# need advice on relocation package



## mclarke (Jan 3, 2014)

We 're moving to port Elizabeth from the uk in March and before the final contract is drawn up I wanted to see if anyone had any advice on what we should request for in the package? I think we may have covered everything but your thoughts would be appreciated


----------



## shumifan49 (Sep 18, 2013)

Just some observations:
1. If the package includes accommodation, try to get it changed to a cash equivalent so you can ensure you live in an acceptable area OR that you verify where the company proposes to put you. All areas are not equal (as with most countries).
2. Try to get the company to cover a comprehensive medical insurance as it is expensive.
3. Get them to sort out your visa/work permit as this can be painfull. Make sure you have documentation from the company that it is being processed so you don't get caught later without proof that you thought it was 'in process'.
4. Try to get a minimum period of employment and that if your employment is terminated before the end of employment period, the company will cover relocation back to origin. This could be important if you can't get work or a work permit for new job offers.
5. Ensure a salary/income of more than R20 000 per month(R15000 if medical covered), bearing in mind that rental will be more than R8000 per month typically.
6. Try to get a 'get out' clause in the contract, in case you find you cannot adjust to local conditions(including if salary is too small to afford required lifestyle).
7. Get the company to cover relocation costs, as if you don't bring your furniture etc, you will have to purchase in SA, OR get an amount included for setting up.

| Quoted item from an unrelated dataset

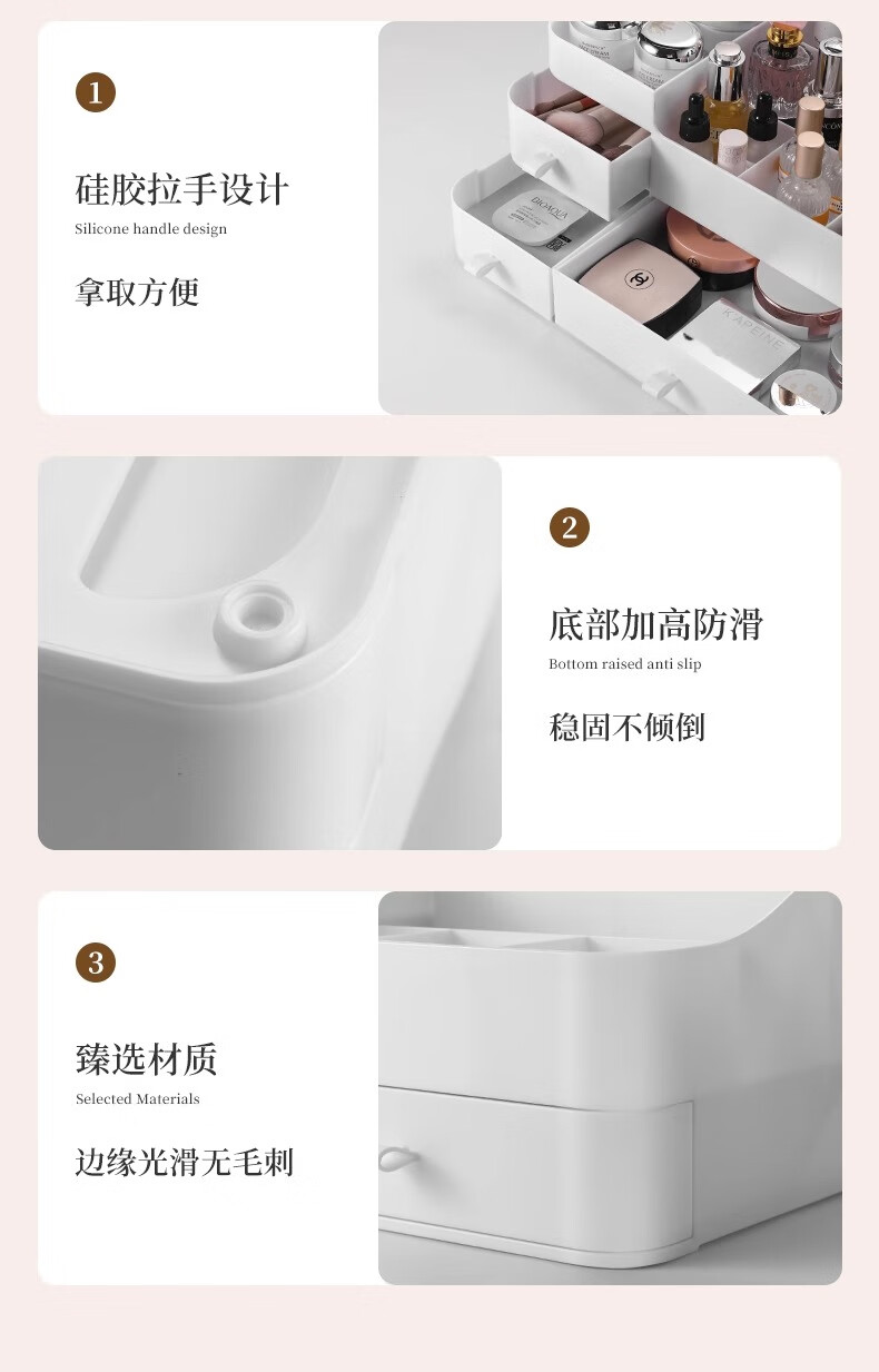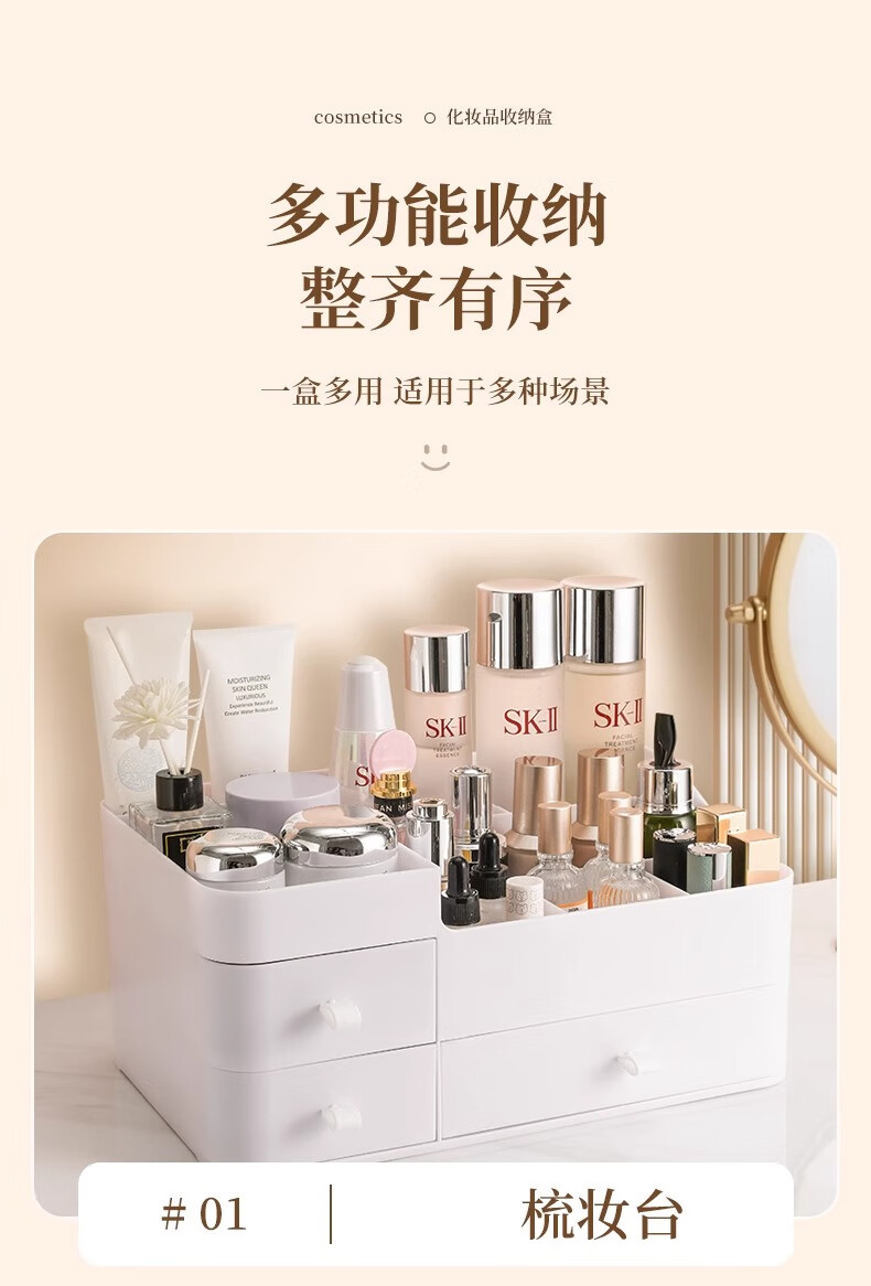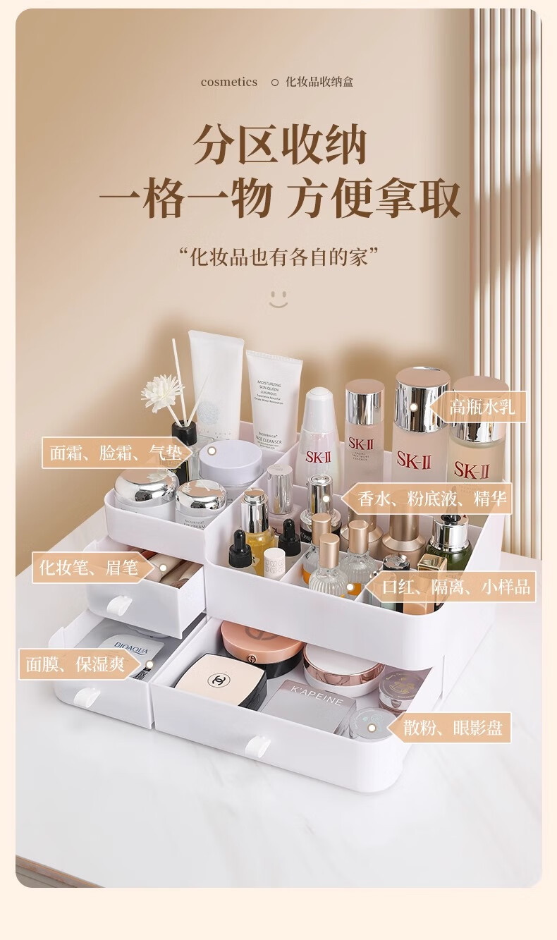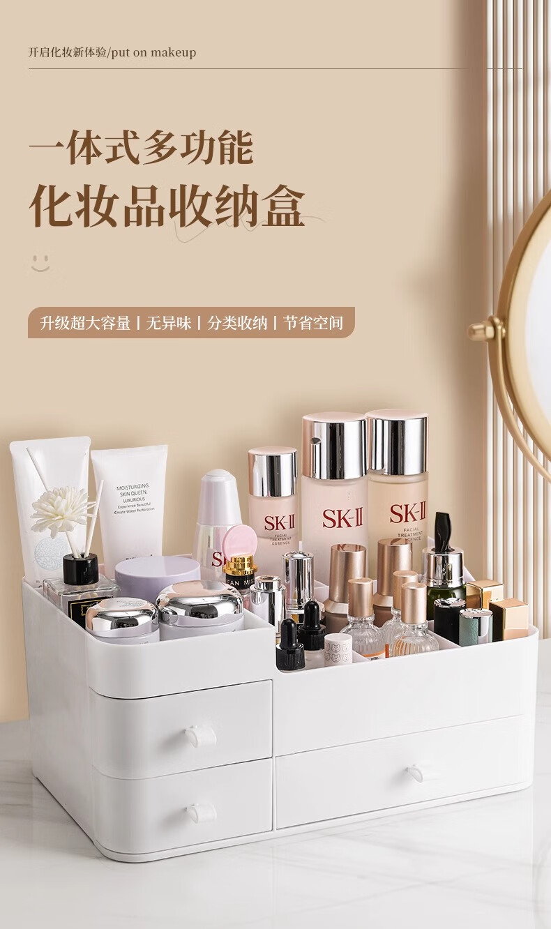 Cosmetic storage box desktop drawer-type dresser shelf lipstick small box skin care product compartmentalization box luxury large white three drawers large capacity can place facial masks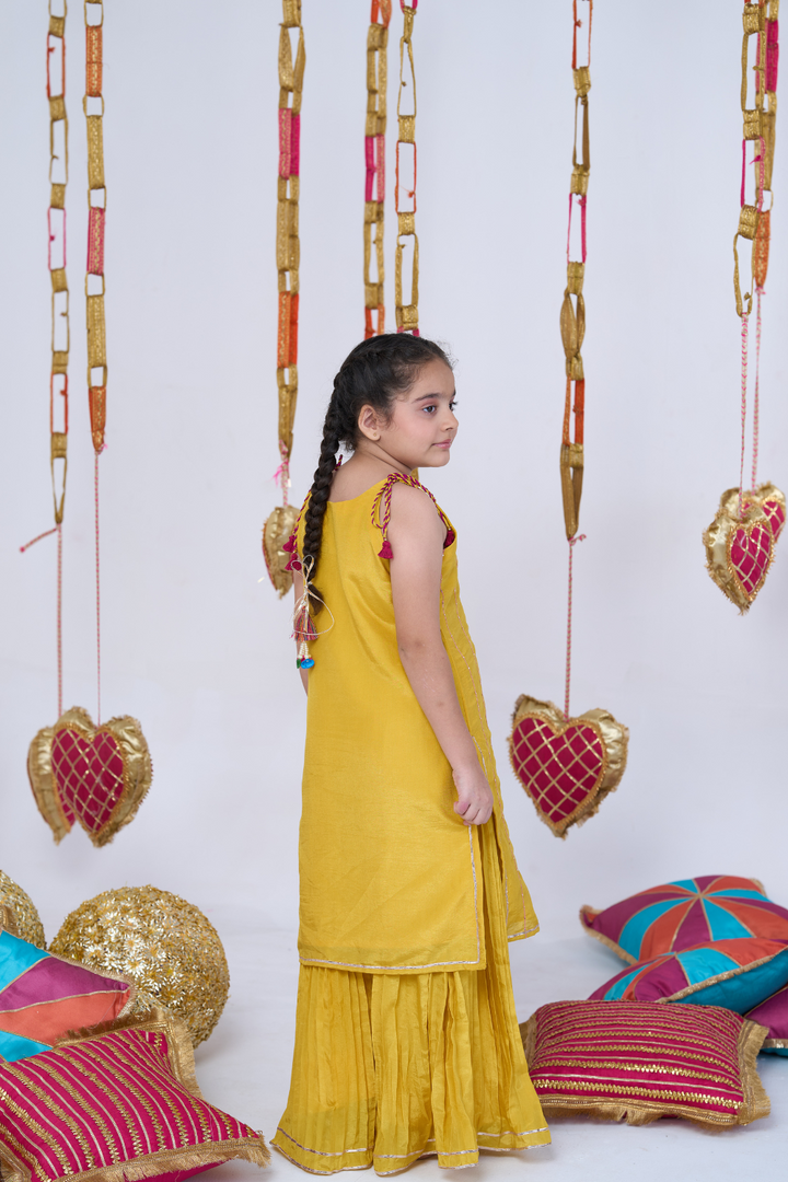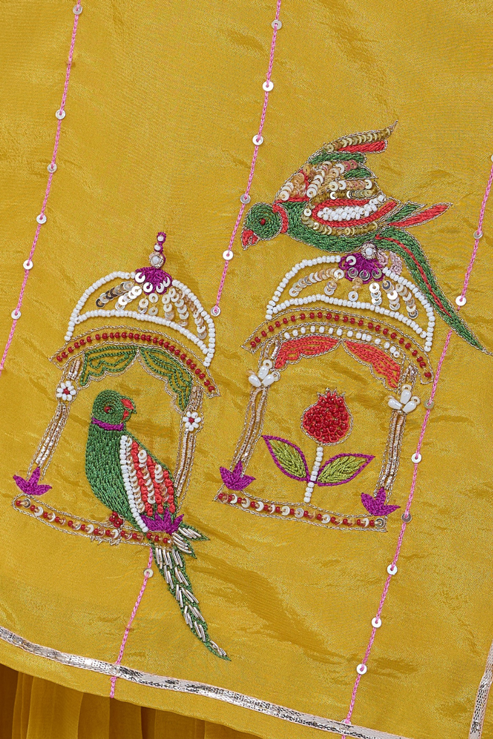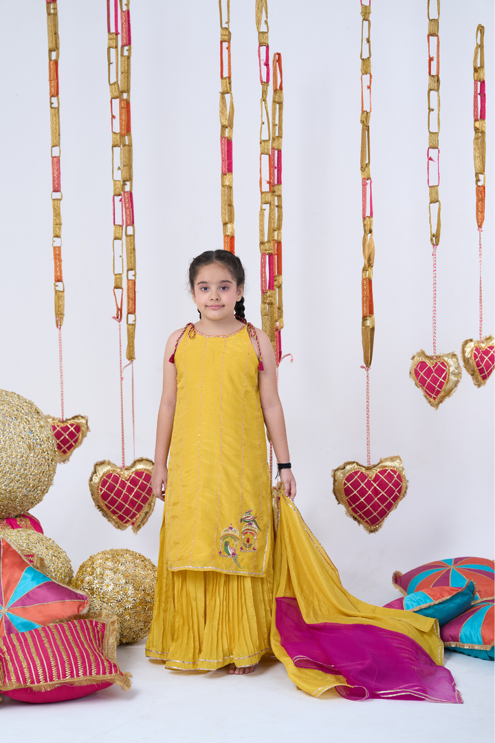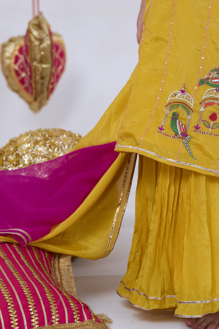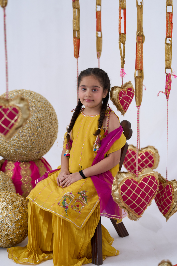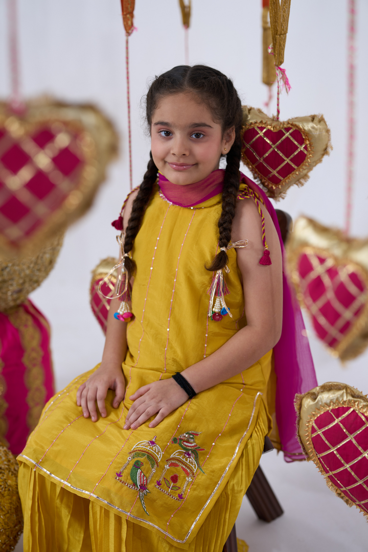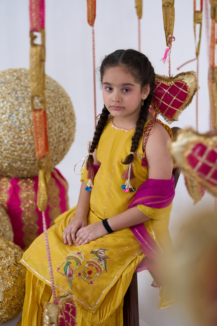 Brighten up celebrations with this Yellow Sharara Set for girls, featuring exquisite parrot embroidery. The elegant kurta paired with flowing sharara pants combines traditional charm with playful style. Lightweight and comfortable, this set is perfect for weddings, festivals, and special occasions, ensuring your little one looks graceful and stands out with every step

The latter might be cheaper for the company.

Some stuff to try for:
1. I don't know how senior the position is, or whether you have children, but if you have children try to get the company to cover private education, which is hugely better than state schools. Unfortunately private education is expensive. Some state schools are not too bad depending on the area.
2. Inflation runs at close to 6%, so try to get a salary escalator built in to cover cost of living increases. This might be difficult, but try and link to national inflation rate. The rand seems to be depreciating against foreign currencies, so many luxury items will increase at a higher rate than 6%.

Just some thoughts.


----------



## MissGlobal (Aug 4, 2012)

Can you negotiate a car or car allowance? I know my mother has one with her job...And cars are crazy expensive here - by USA standards..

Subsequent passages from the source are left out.